Bailey, the amiable mystical poet, whom my father mildly liked, was another man my glimpses of whom came at a date much later than this. He was a small, placid, gently beaming little philosopher, with a large beard and an oval brow, and though he wrote several things besides "Festus," they never detached themselves in the public mind from the general theme of that production. Bailey himself seemed finally to have recognized this, and he spent his later years (he lived to a great age) in issuing continually fresh editions of his book, with expansions and later thoughts, until it got to be a sort of philosophical library in itself. He appeared in society in order to give his admirers opportunity to offer up their grateful homage, and to settle for them all questions relative to the meaning of man and of religion. No misgivings troubled him; his smile was as an unintermittent summer noonday. He was accompanied by his wife, with whom he seemed to be, as Tennyson says, "twinned, like horse's ear and eye." She relieved him from the embarrassing necessity of saying illuminative and eulogistic things about himself and his great work. The book, upon its first publication, was really read by appreciable numbers of persons; later, I think, "Festus Bailey" came to be, to the general mind, an amusing kind of appanage of his own work, which was now taken as read, but ceased to have readers. How happy a little imperviousness may make a good man!
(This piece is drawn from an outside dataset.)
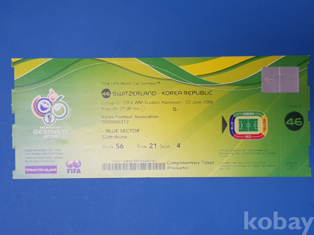**** 2006 FIFA 월드컵 독일 티켓/스위스-대한민국/G조 - FIFA WM-스타디온 하노버 - 2006년 6월 23일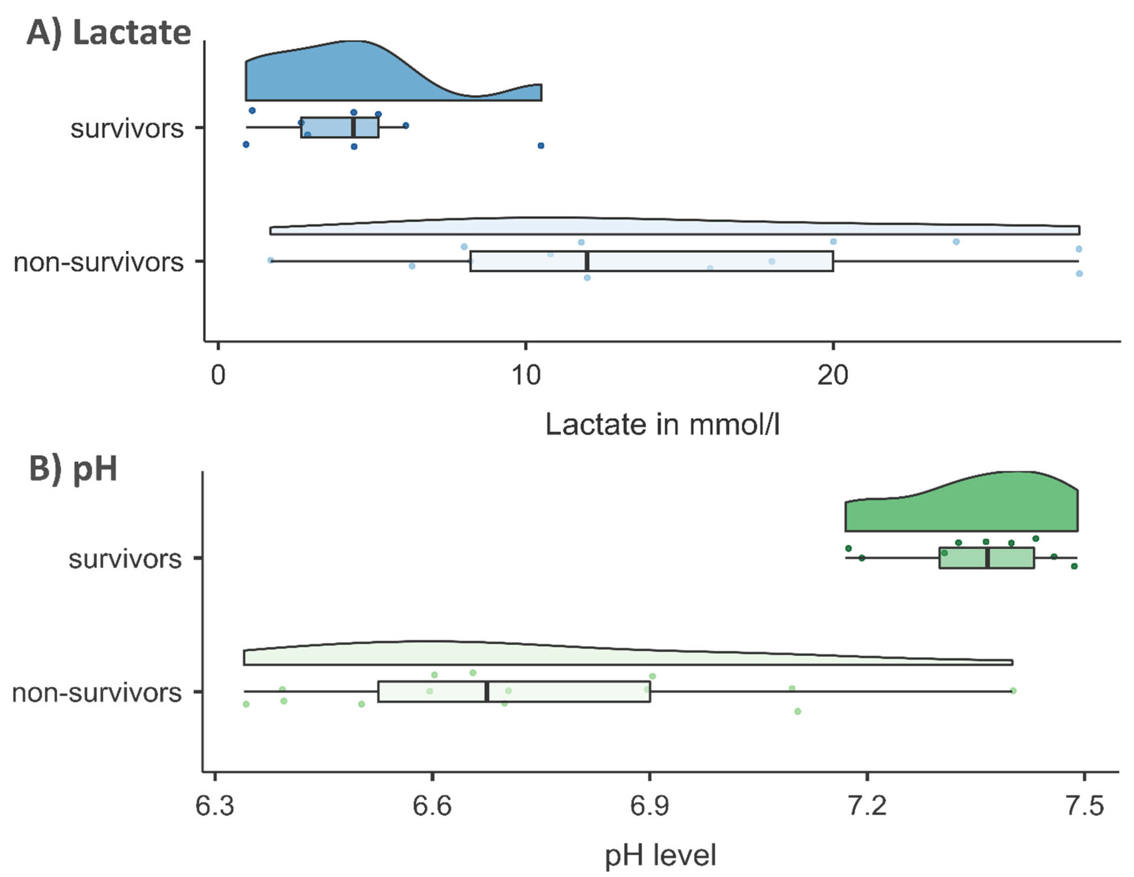 | Laboratory parameters on admission | Lactate [mmol/L] (0.5–2.2) | pH value (7.36–7.44) | Blood glucose [mmol/L] (4.0–7.8) | Heart enzymes [troponin in pg/mL (<14), CK-MB quotient in % (<6), myoglobin in µg/L (28–72)] |

Tom Taylor, the dramatist, Punch contributor, and society wit, I remember only as a pale face and a black beard. His wit had something of a professional tang. There are many like him in club-land and hanging about the stage; they catch up and remember all the satirical sayings, the comicalities, and quips that they hear, and they maintain a sort of factory for the production of puns. Their repartee explodes like an American boy's string of toy crackers, and involves, to set it going, no greater intellectual effort. They are not, in their first state, less intelligent than the common run of men—rather the contrary; but as soon as they have gone so far as to acquire a reputation for wit, their output begins to betray that sad, perfunctory quality which we find in wound-up music-boxes, and that mechanical rattle makes us forget that they ever had brains. However, Tom Taylor, with his century of plays and adaptations—among them "Our American Cousin," which the genius of an actor, if not its own merit, made memorable—should not be deemed unworthy of the reputation which, in his time and place, he won. He was at his best when, stimulated by applause and a good dinner, he portrayed persons and things with a kind of laughable extravagance, in the mode introduced by Dickens. Men of his ilk grow more easily in our soil than in the English, and are much less regarded.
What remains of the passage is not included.